[Projects][Publications][Misc][Search SSD]

Third Conference on Parallel Computing Technologies (PaCT-95)

Abstracts


Authors
Daniel Etiemble, Cecile Germain
Title
Standard microprocessors versus custom processing elements for massively parallel architectures
Paper 321
Abstract
Choosing a standard microprocessor or a custom processing element as CPU of a massively parallel architecture has major impact on the hardware and software costs. The standard microprocessor have a high performance/cost ratio, but the associated cache hierarchy leads to completely reconsider the programming of the applications that have been developed for vector supercomputers. Low hardware cost is associated to a high software development cost. New approaches, as decoupled or multithread architectures, have low software costs, but expensive hardware costs.

Authors
Franco Gasperoni, Uwe Schwiegelshohn, John Ture
Title
Optimal Loop Scheduling on Multiprocessors: a Pumping Lemma for p-Processor Schedules.
Paper 51
Abstract
This paper addresses the problem of optimally scheduling a cyclic set of interdependent operations (or tasks), representing for instance a program loop. While the existence of optimum schedules has been demonstrated when processors are plentiful, the corresponding problem when the number of available processors is fixed, remains unanswered.
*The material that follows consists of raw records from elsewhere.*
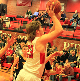 Kyle Schwartz puts up a 3-point shot against Logos.At Kamiah
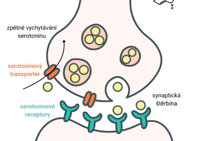 Picture 3: Schematic representation of neural connection. Serotonin is a neurotransmitter that is released from synaptic vesicles from the pre-synaptic neuron into the synaptic cleft, where it can bind to serotonin receptors on the post-synaptic neuron, transmitting the signal to the next neuron. Serotonin transporters ensure the reuptake of serotonin from the synaptic cleft, ensuring its recycling.
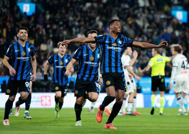 1月3日,意大利超级杯半决赛,国米对阵亚特兰大。凭借后卫邓弗里斯的倒勾+世界波,国米最终2-0击败对手,连续7次笑傲蓝黑德比,也连续4年杀入了意大利超级杯的决赛。
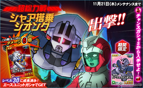 From 11/14 through 11/22, you can take on Char's Zeong in a super group battle. Play through missions over the next week for a chance to encounter it.
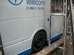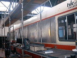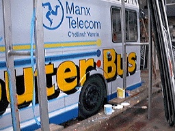 Significant re-panelling will be necessary before the vehicle is repainted into the bright, colourful livery designed for Manx Telecom by Des Clague of the Creative Studio.
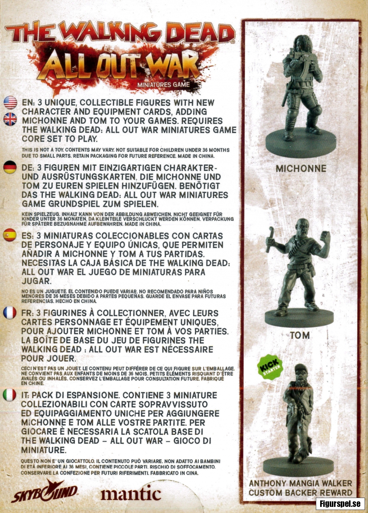 This booster pack contains 3 unique, collectible miniatures allowing you to add Michonne and Tom to your games, along with an extra Walker to bulk out your herd.
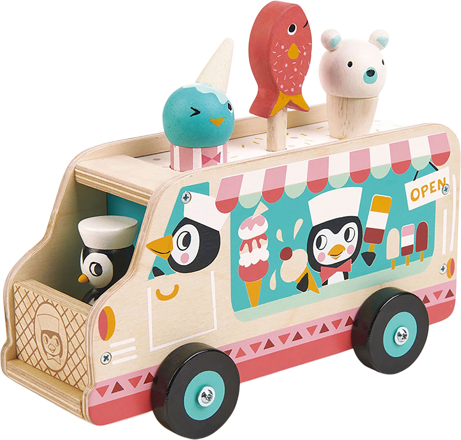 Finurlig isbil med en fræk pingvinchauffør. Aftageligt tag afslører et lastrum til is. De 3 sjove is kan sættes på taget: En fiskeformet ispind, en isbjørn snow cone og en skør, blå is!Materiale: TræProdukt: 21,7 x 10 x 17,3 cmEmballage: 23,5 x 11,4 x 13,
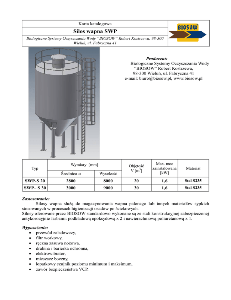 Karta katalogowa Silos wapna SWP Biologiczne Systemy Oczyszczania Wody “BIOSOW” Robert Kostrzewa, 98-300 Wieluń, ul. Fabryczna 41 Producent: Biologiczne Systemy Oczyszczania Wody “BIOSOW” Robert Kostrzewa, 98-300 Wieluń, ul. Fabryczna 41 e-mail: [email protected], www.biosow.pl Typ Wymiary [mm] Objętość V [m3] Max. moc zainstalowana [kW] Materiał Średnica ø Wysokość SWP-S 20 2800 8000 20 1,6 Stal S235 SWP– S 30 3000 9000 30 1,6 Stal S235 Zastosowanie: Silosy wapna służą do magazynowania wapna palonego lub innych materiałów sypkich stosowanych w procesach higienizacji osadów po ściekowych. Silosy oferowane przez BIOSOW standardowo wykonane są ze stali konstrukcyjnej zabezpieczonej antykorozyjnie farbami: podkładową epoksydową x 2 i nawierzchniową poliuretanową x 1. Wyposażenie: przewód załadowczy, filtr workowy, ręczna zasuwa nożowa, drabina i barierka ochronna, elektrowibrator, mieszacz boczny, łopatkowy czujnik poziomu minimum i maksimum, zawór bezpieczeństwa VCP.
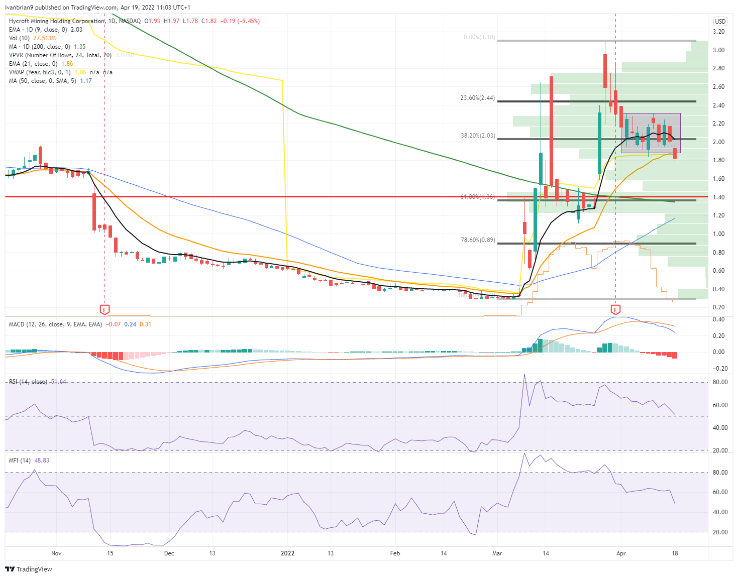 Update: Hycroft Mining stock ended the day under pressure caught up in the malaise left behind by the Federal Reserve Chairman Jerome Powell. The fed chair told an International Monetary Fund panel that restoring price stability is "essential" and that a 50-basis point rate hike was "on the table" at the May Federal Open Market Committee meeting. This forced Wall Street onto its knees.
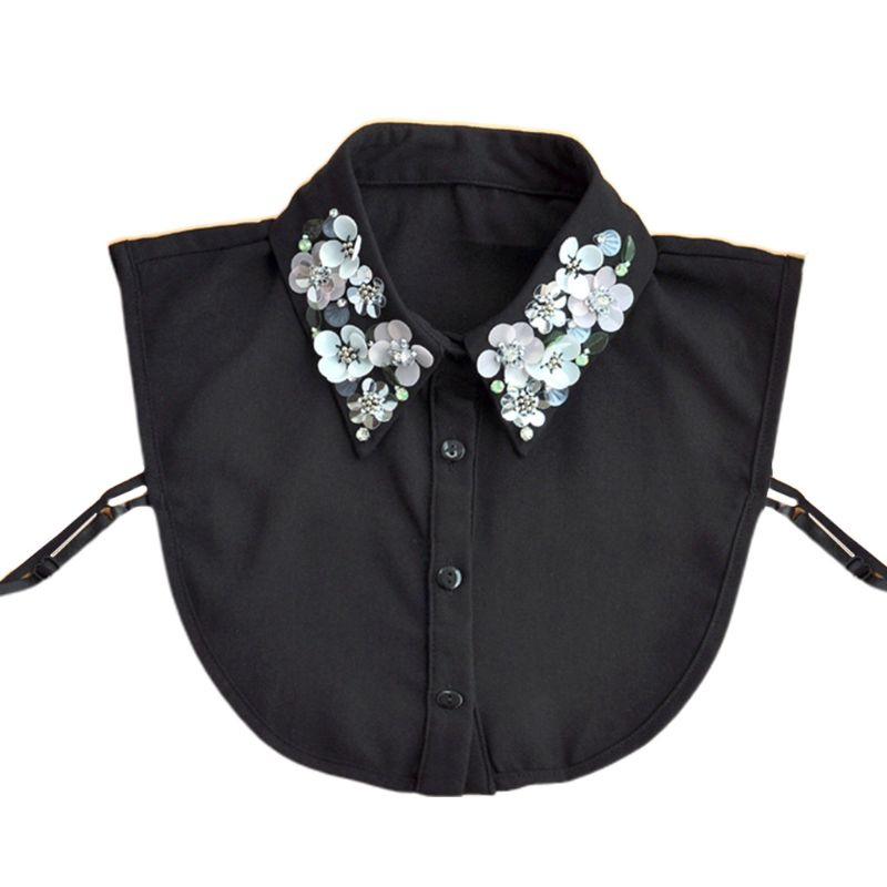 Cổ áo sơ mi nữ đính hạt cườm thủ công hình hoa có thể tháo rời
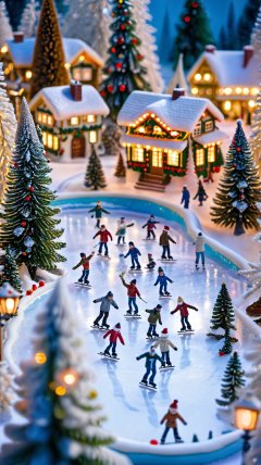 <lora:鼻涕泡_微缩王国_V1.0:0.9>,highly detailed,ultra-high resolutions,32K UHD,best quality,masterpiece,tao,chi,christmas tree,snow,christmas,outdoors,blurry,multiple boys,hat,tree,The image showcases a miniature winter wonderland with people ice-skating on a frozen pond surrounded by snow-covered trees and houses,all illuminated by warm lights.,
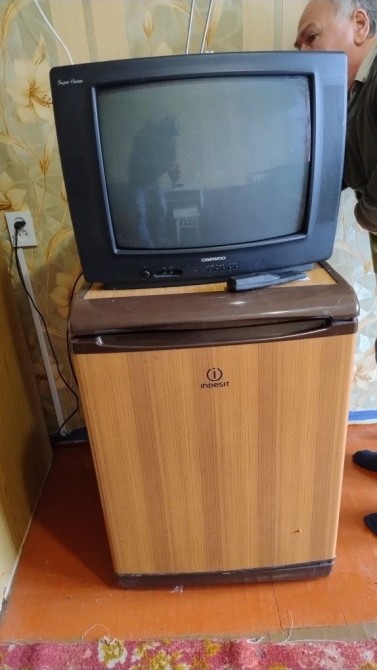 Є маленький холодильник телевізор. Своєї пралки немає.
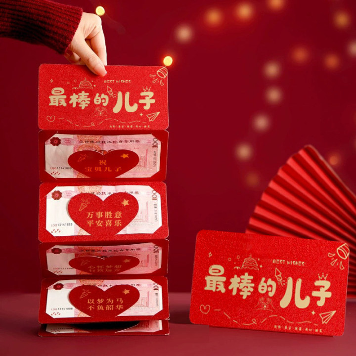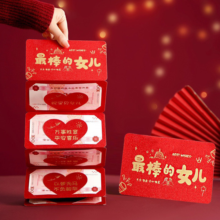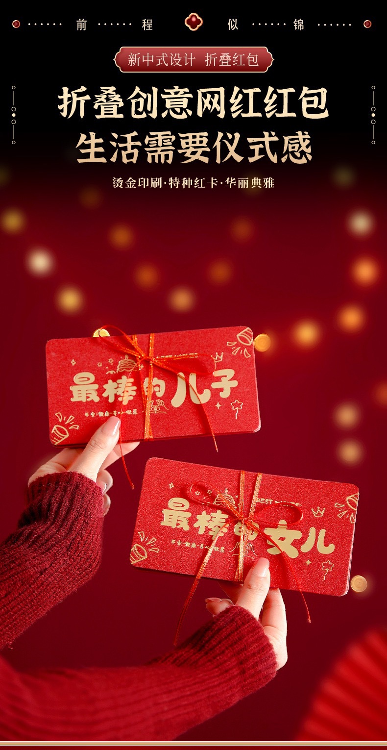 새해의 의식 빨간 봉투 소녀 소년은 아들과 딸에게 새로운 행복 축복 접기와 풀 빨간 봉투스토어 가기
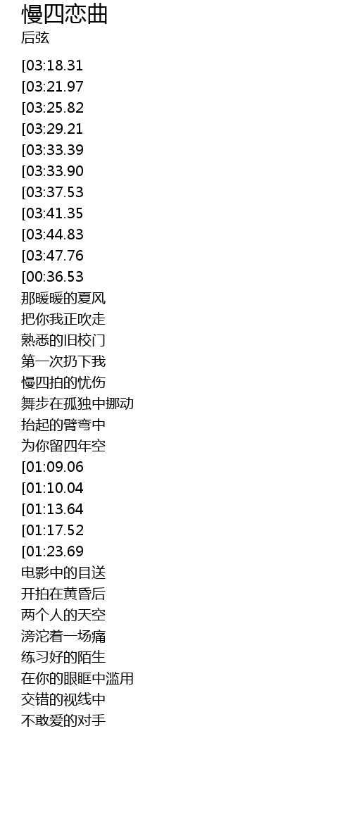| [03:53.17][03:21.97][01:28.80][00:06.88] | 心跳节奏 一曲珍重 |

In this work we show that if the operations' dependence graph is strongly connected, then there exists a p-processor optimum schedule, for any p, which is expressible in the form of a loop. To prove this result we have established a general pumping lemma for p-processor schedules akin to the classical pumping lemma for regular languages.


Authors
B. Goossens and D.T. Vu
Title
Further pipelining and multithreading to improve RISC processor speed. A proposed architecture and simulation results.
Paper 327
Abstract
This paper presents a new pipeline architecture which should give today's RISC processors like MIPS R4x00 or DEC 21064 a nearly 60\% speed improvement. The pipe stage critical path, imposed by the 64 bits integer unit, has been cut in half by data slicing and pipelining the four basic arithmetic operators. Moreover, because these features should impose to such a processor a very long latency for external accesses, a multithreading structure has been included. Up to four threads may be simultaneously run with a no delay context switch. Thus, multithreading is mainly used as a latency hiding technique for external accesses. In order to estimate the real benefit of the construct, a simulator has been built. Simulation results show the impact of pipeline improvements without multithreading (29\%) and with it (59\% with four threads).

Authors
Helmar Burkhart
Title
HOW TO TEACH PARALLEL PROCESSING ?
Paper
Abstract
Parallel processing is a field that has shown continuous technology changes during the past years. While hardware technology improved fast, software concepts and above all, abstract machine models, made less progress. New generations of systems with ever-changing low-level software interfaces made it hard for programmers to produce software in time. Thus, parallel processing is still an immature field that lacks widely accepted and standardized concepts. Teaching a field that makes such rapid developments is hard. This paper will analyze the present situation and propose a more structured approach that allows separation of programming concepts and architectural details without losing contacts to practice.

Authors
A.R. Hurson and B.U. Jun
Title
Optimization Scheme on Execution of Logic Program in a Dataflow Environment
Paper 204
Abstract
We have developed a technique that maps logic programs (database queries) onto a dataflow graph to support static scheduling in a multiprocessor environment. A dataflow graph explicitly shows the execution paths, data dependence, and synchronization points in a query. The scheme attempts to properly group fine grain operations Q select and join Q into coarser grains as a means to exploit parallelism while minimizing the communication costs. This leads to a higher hardware utilization and performance.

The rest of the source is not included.